Reproduce the entries beneath exactly, without their images.

** Opening Provided material block **

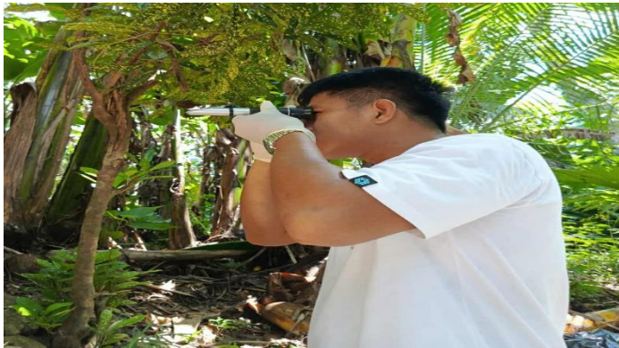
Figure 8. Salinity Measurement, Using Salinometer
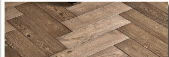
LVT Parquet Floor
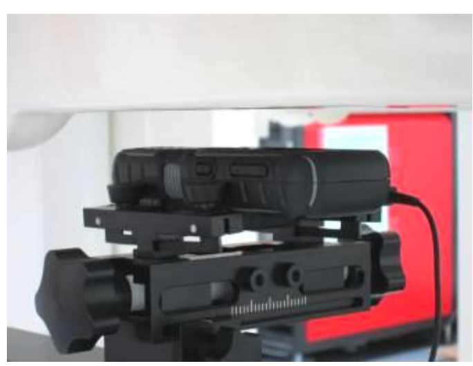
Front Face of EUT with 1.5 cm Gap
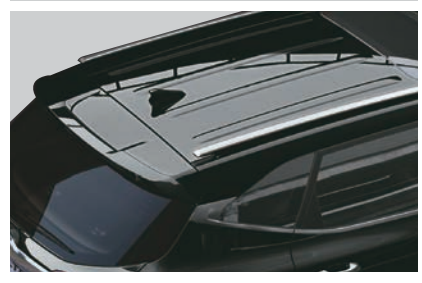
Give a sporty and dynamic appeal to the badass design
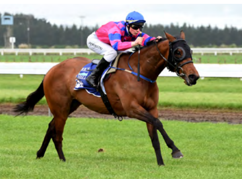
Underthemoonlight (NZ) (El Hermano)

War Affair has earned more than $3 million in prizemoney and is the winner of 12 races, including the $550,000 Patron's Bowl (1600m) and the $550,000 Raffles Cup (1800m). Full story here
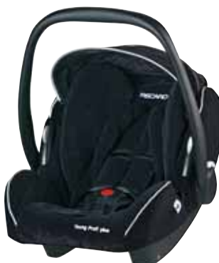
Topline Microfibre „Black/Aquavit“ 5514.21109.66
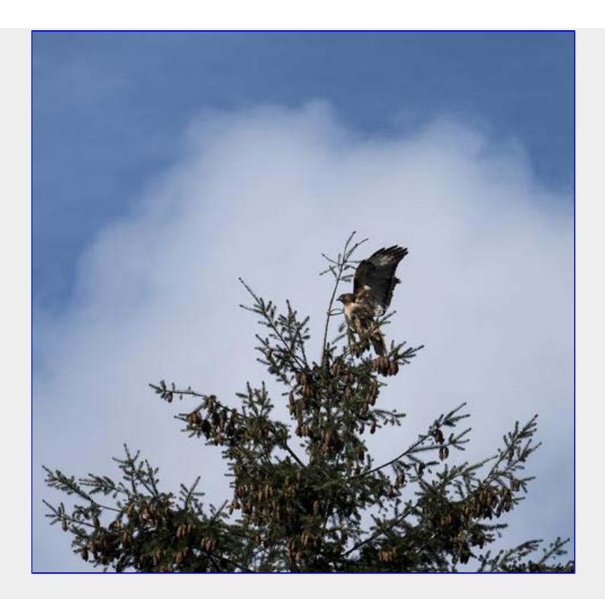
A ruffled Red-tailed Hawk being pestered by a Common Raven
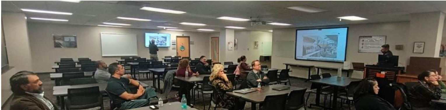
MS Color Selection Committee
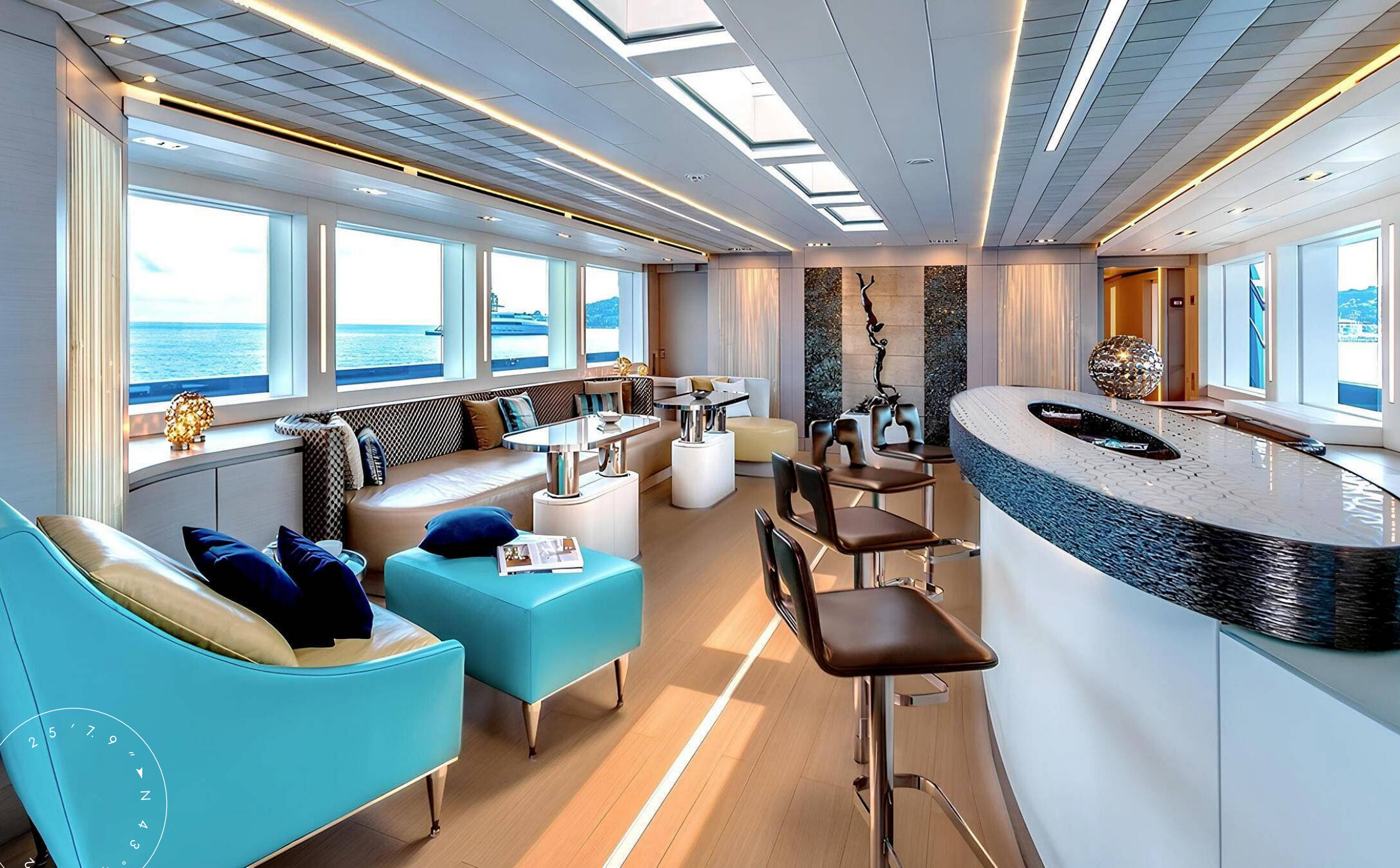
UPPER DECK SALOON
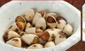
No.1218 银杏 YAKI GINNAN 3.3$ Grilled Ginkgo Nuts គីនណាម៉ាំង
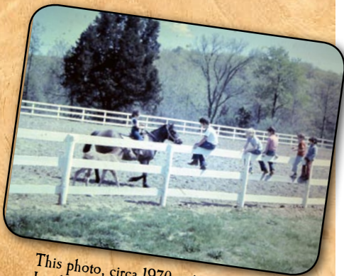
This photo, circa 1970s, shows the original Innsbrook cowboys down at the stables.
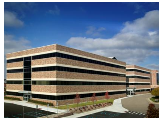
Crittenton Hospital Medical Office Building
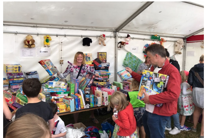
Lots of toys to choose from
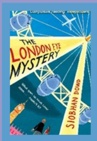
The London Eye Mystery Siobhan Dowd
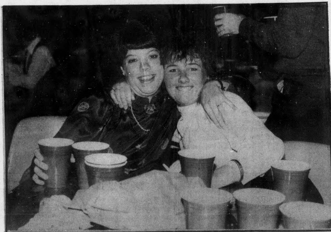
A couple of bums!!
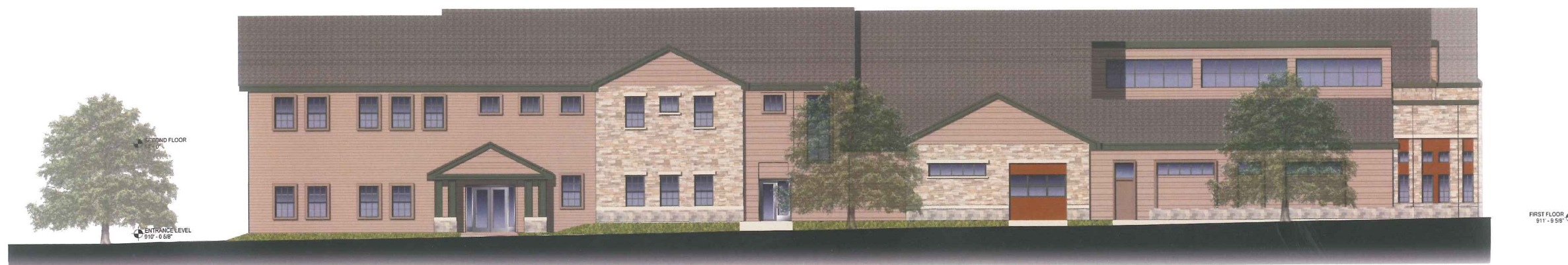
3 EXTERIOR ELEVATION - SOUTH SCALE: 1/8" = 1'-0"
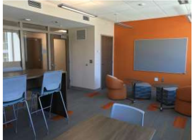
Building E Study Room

** Closing Provided material block **

- Written answer
Figure 8. Salinity Measurement, Using Salinometer
LVT Parquet Floor
Front Face of EUT with 1.5 cm Gap
Give a sporty and dynamic appeal to the badass design
Underthemoonlight (NZ) (El Hermano)

War Affair has earned more than $3 million in prizemoney and is the winner of 12 races, including the $550,000 Patron's Bowl (1600m) and the $550,000 Raffles Cup (1800m). Full story here
Topline Microfibre „Black/Aquavit“ 5514.21109.66
A ruffled Red-tailed Hawk being pestered by a Common Raven
MS Color Selection Committee
UPPER DECK SALOON
No.1218 银杏 YAKI GINNAN 3.3$ Grilled Ginkgo Nuts គីនណាម៉ាំង
This photo, circa 1970s, shows the original Innsbrook cowboys down at the stables.
Crittenton Hospital Medical Office Building
Lots of toys to choose from
The London Eye Mystery Siobhan Dowd
A couple of bums!!
3 EXTERIOR ELEVATION - SOUTH SCALE: 1/8" = 1'-0"
Building E Study Room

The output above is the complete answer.